# Extracted entries

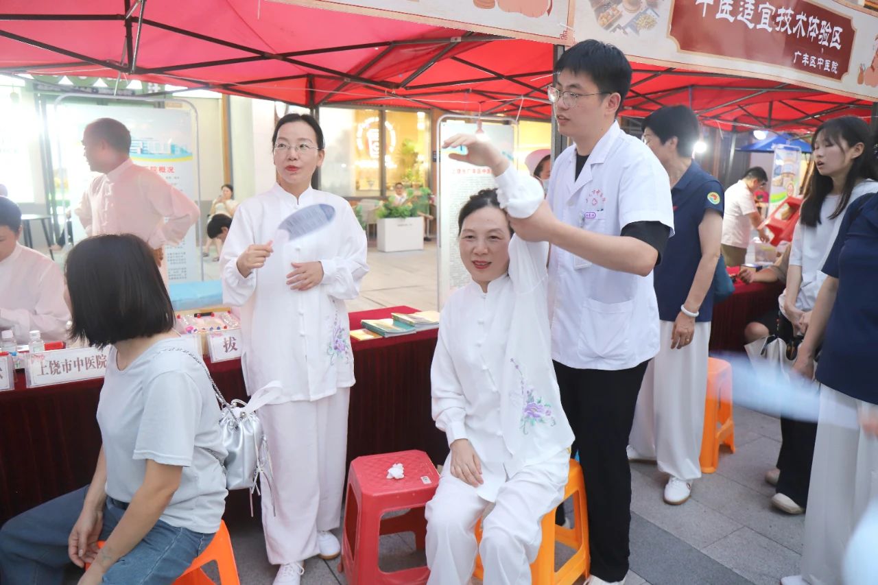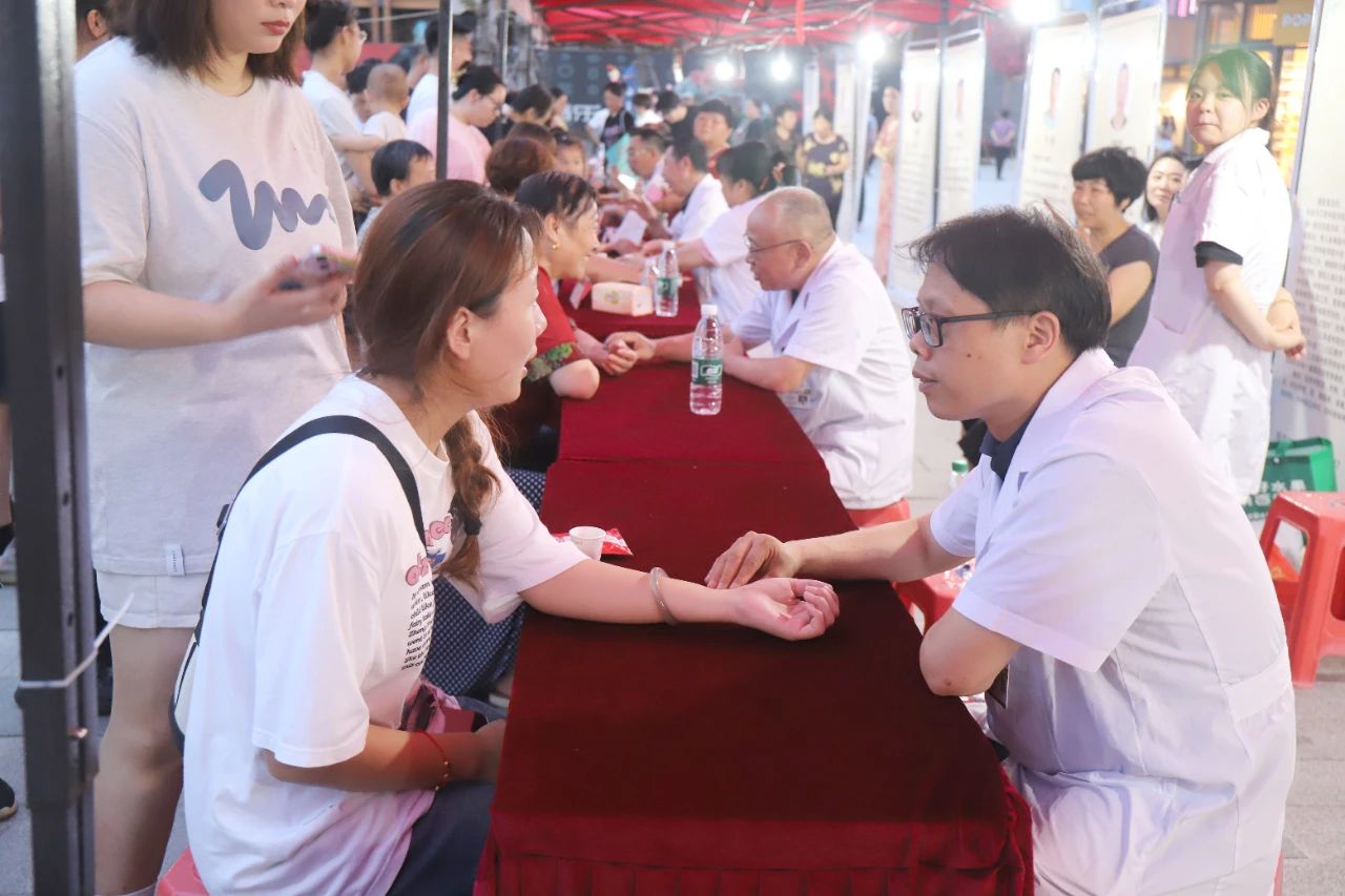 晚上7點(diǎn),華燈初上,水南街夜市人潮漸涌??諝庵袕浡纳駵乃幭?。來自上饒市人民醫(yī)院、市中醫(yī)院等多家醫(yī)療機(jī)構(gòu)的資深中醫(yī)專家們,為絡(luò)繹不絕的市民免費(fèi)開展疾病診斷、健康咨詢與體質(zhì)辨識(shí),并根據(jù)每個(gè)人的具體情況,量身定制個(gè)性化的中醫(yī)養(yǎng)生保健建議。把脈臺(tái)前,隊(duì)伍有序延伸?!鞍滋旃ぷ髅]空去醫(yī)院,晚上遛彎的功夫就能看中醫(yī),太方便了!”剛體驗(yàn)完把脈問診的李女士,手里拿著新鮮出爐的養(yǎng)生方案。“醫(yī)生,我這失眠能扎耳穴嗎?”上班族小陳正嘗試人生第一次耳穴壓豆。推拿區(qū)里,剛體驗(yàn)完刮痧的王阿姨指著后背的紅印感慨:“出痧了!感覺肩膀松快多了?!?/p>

* * *

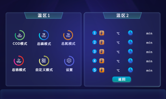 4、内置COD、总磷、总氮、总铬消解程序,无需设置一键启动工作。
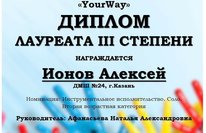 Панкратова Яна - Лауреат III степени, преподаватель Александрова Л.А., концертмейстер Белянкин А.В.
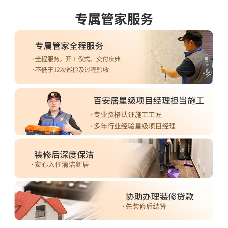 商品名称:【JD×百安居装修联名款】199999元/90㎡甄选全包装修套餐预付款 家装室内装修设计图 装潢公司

# About this exercise
Reproduce the lines above starting at the one with "4、内置COD、总磷、总氮、总铬消解程序,无需设置一键启动工作。" and ending at the one with "商品名称:【JD×百安居装修联名款】199999元/90㎡甄选全包装修套餐预付款 家装室内装修设计图 装潢公司", both included, exactly and with no pictures.

# Solution for this exercise
 4、内置COD、总磷、总氮、总铬消解程序,无需设置一键启动工作。
 Панкратова Яна - Лауреат III степени, преподаватель Александрова Л.А., концертмейстер Белянкин А.В.
 商品名称:【JD×百安居装修联名款】199999元/90㎡甄选全包装修套餐预付款 家装室内装修设计图 装潢公司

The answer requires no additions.